Credit quality wasn't as robust. The net charge-off ratio rose from 0.02% last year and 0.07% last quarter to 0.19% this quarter. Although I suppose that's a significant increase, it was tied to two commercial credits. Moreover, I think this highlights the issue that many banks with strong credit quality like First Horizon are now facing - charge-offs can't get any lower, and even just one or two bad credits in a quarter can drive higher charge-offs and provisioning expenses. That credit is no longer a tailwind is not a surprise (I've been talking about this for multiple quarters), but actually seeing it appear in the numbers doesn't help sentiment.
On the deposit side, First Horizon did see okay results in its non-interest-bearing deposit gathering, with qoq growth of just under 4% and yoy growth of around 1.5%. Deposit growth lagged loans on an EOP basis (down 1% versus 5% loan growth), and this is okay - First Horizon had some flexibility with its loan/deposit ratio, and management may as well use that to run off some higher-cost deposits when it can.
Even though First Horizon wasn't really a "NIM outperformance" story, the market didn't like the NIM miss, nor the guidance reduction of 5bp for NIM. I'd note, though, that First Horizon management's estimates are predicated on two more rate cuts, whereas most bank managements are factoring in one additional cut.
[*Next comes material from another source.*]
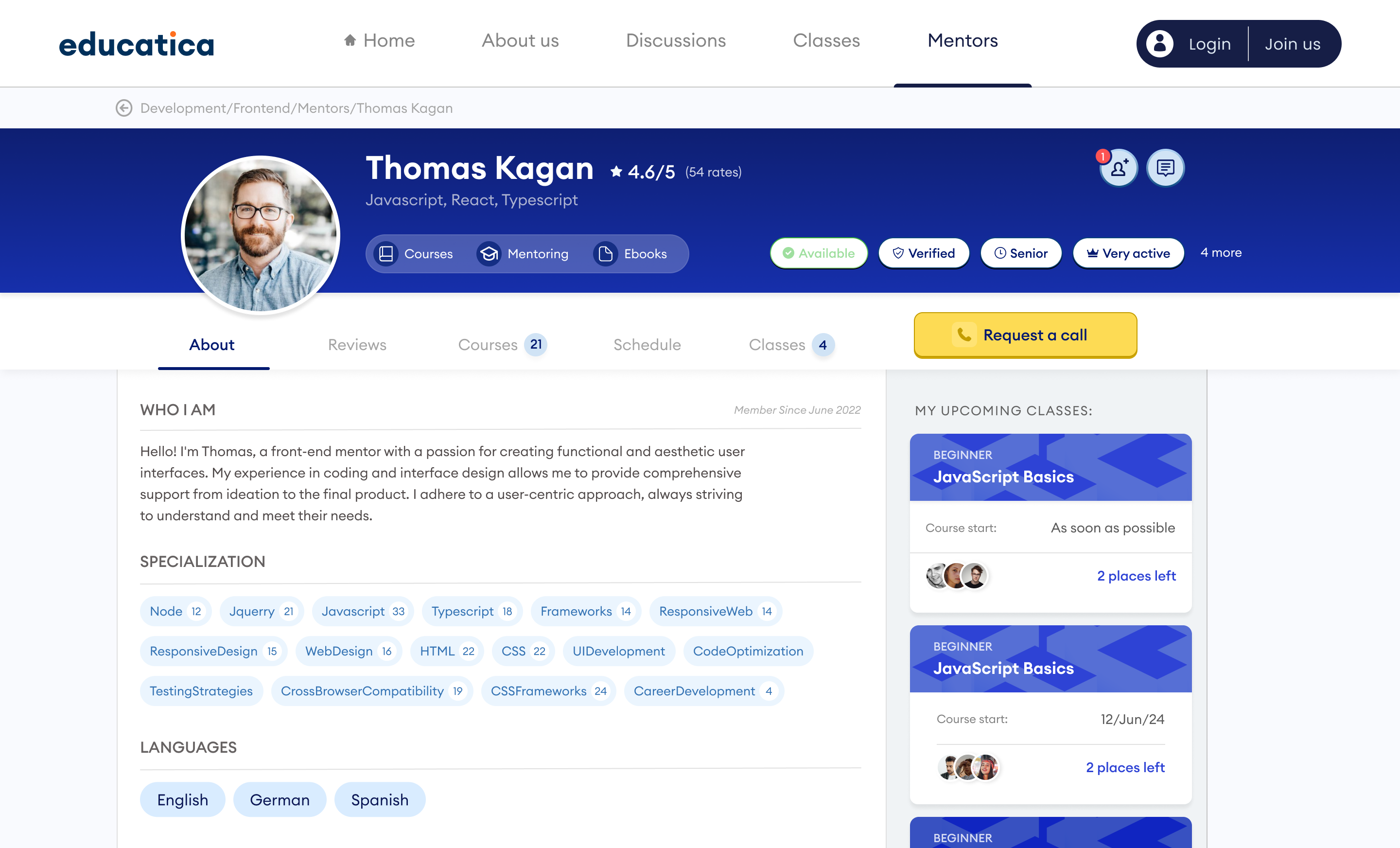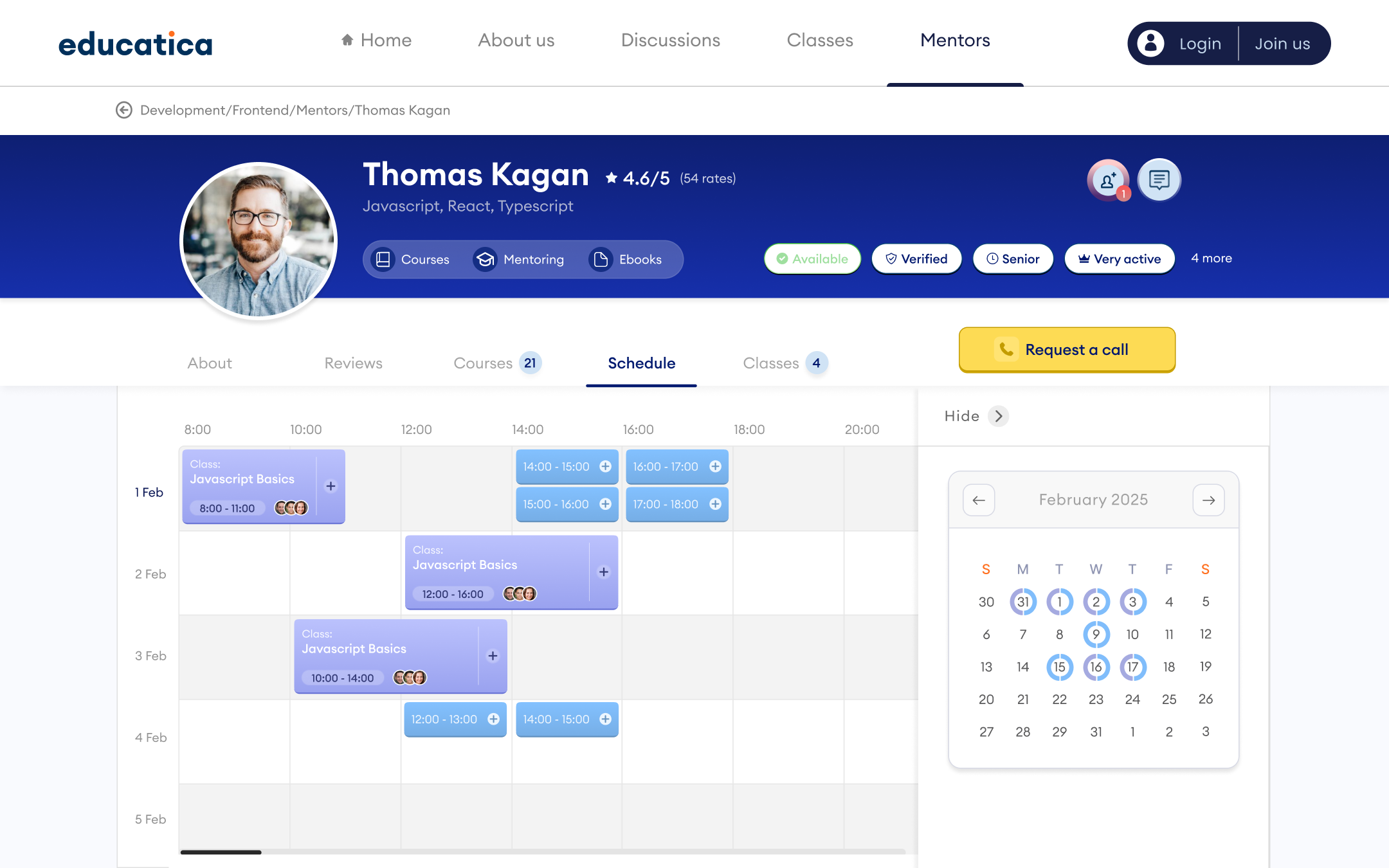 Mentor profiles include valuable information about the mentor along with course offerings and his schedule, including free slots for consultations. The mentor's badges, which inform the user about the mentor's activity, involvement, and opinions about him, are an important element of the design.

First Horizon did increase its loan growth guidance, but I expect mortgage warehouse lending to decline next quarter.
First Horizon did also increase its operating cost savings target (by $35 million relative to Q2), and I think this is an underappreciated positive development. I also want to reiterate that First Horizon is an intensely capital cost-conscious bank; if a piece of business won't earn its cost of capital, it doesn't do the business. This leads First Horizon to walk away from more business than its peers, and I'd suspect that it also leads to less-sticky relationships with customers (looking at every piece of business as opposed to "taking one for the team" within the context of a longer-term relationship). Still, I suspect many of First Horizon's peers will regret some of the loans they've been making recently, and this could be a tortoise-versus-hare sort of situation.
I haven't really made any significant modeling changes after this quarter (just fine-tuning in line with the reported results and management guidance), and neither my discounted core earnings nor ROTE-driven P/TBV valuation models change much as a result.
I believe First Horizon should trade in the high teens, and I expect it to continue to generate pre-provision profit growth through 2020 and 2021, a time when I think many peers will see contraction. The market doesn't seem to care, though, and I think more contrarian-minded investors may want to check this name out more closely.